If the deformation is Hermitian, then the undeformed solutions do not map to deformed solutions in any obvious way (because the “physics” is different).

Exactly!

Am I correct in understanding that what you call a “duality” is something that is related via an anti-Hermitian deformation?

Right!

Note however, that not every anti-Hermitian deformation is called a duality. Some anti-Hermitian deformations can be interpreted instead as target space gauge transformation, like local Lorentz rotations, gauge transformations of the 2-form field and target space diffeomorphisms. It is sort of neat that these can be treated on equal footing with stringy dualities this way.

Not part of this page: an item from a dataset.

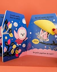- Découvrez le livre d'éveil "Cache-cache petite chouette" : 5 grands flaps en feutrine pour stimuler la motricité fine de bébé dès 6 mois. Un jeu de coucou/caché adorable pour les tout-petits ! Résumé : Il fait nuit. Dans les arbres, petite chouette croise d'autres petits animaux nocturnes, une chauve-souris, un papillon de nuit, un hibou, cachés au creux d'un arbre, derrière une feuille... Sa maman l'appelle et petite chouette se blottit sous son aile. "Cache-cache petite chouette" est le livre parfait pour éveiller la curiosité de votre bébé. Ce livre cartonné robuste comporte 5 grands flaps en feutrine découpés, parfaits pour développer la motricité . Une petite histoire sur le principe du coucou/caché grâce à des flaps en feutrine. Un mini format très solide, parfaitement adapté aux petites mains de bébé.

Is the Hodge star anti-Hermitian? :)

Yes, indeed, when you miltiply the Hodge star by a phase factor such as to make it idempotent then the result is anti-Hermitian. But for the $D=2$ algebra we cannot directly use the Hodge star as a deformation operator $\mathbf{W}$ , because the $\mathbf{W}$ must be of unit reparametrization weight in order to preserves the superconformal algebra. It is still possible to consider the effect of loop space Hodge duality on the background fields in a certain sense. This I have tried to work out in section 4.3 of my draft.

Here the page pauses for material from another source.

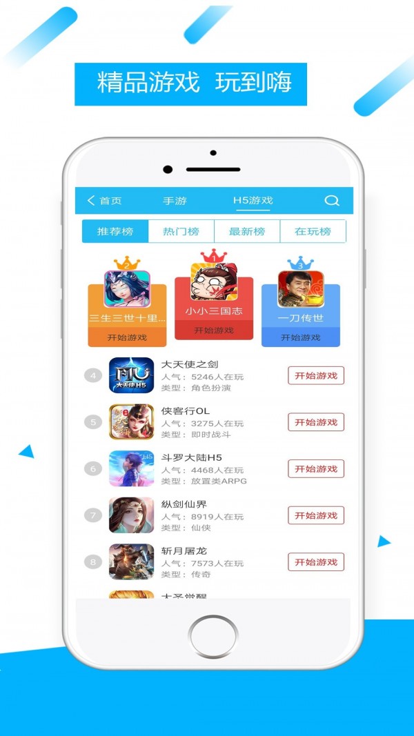 随时随地,一起游戏!是为广大游戏玩家提供安全丰富游戏下载的辅助工具,集手游、H5于一体,即点即玩,助您畅享游戏之旅!万千资源,应有尽有,除了你想要的还有你想不到的!

I know I would consider $F \to \star F$ to be a duality.

Yes, certainly this is the appropriate nomenclature if F is the field strength of a YM theory. It is not a priori clear that this must have anything to do with Hodge duality on loop space. As it turns out, though, Hodge duality on loop space has some features which make it tempting to speculate that there is a relation. This requires further thinking! :-)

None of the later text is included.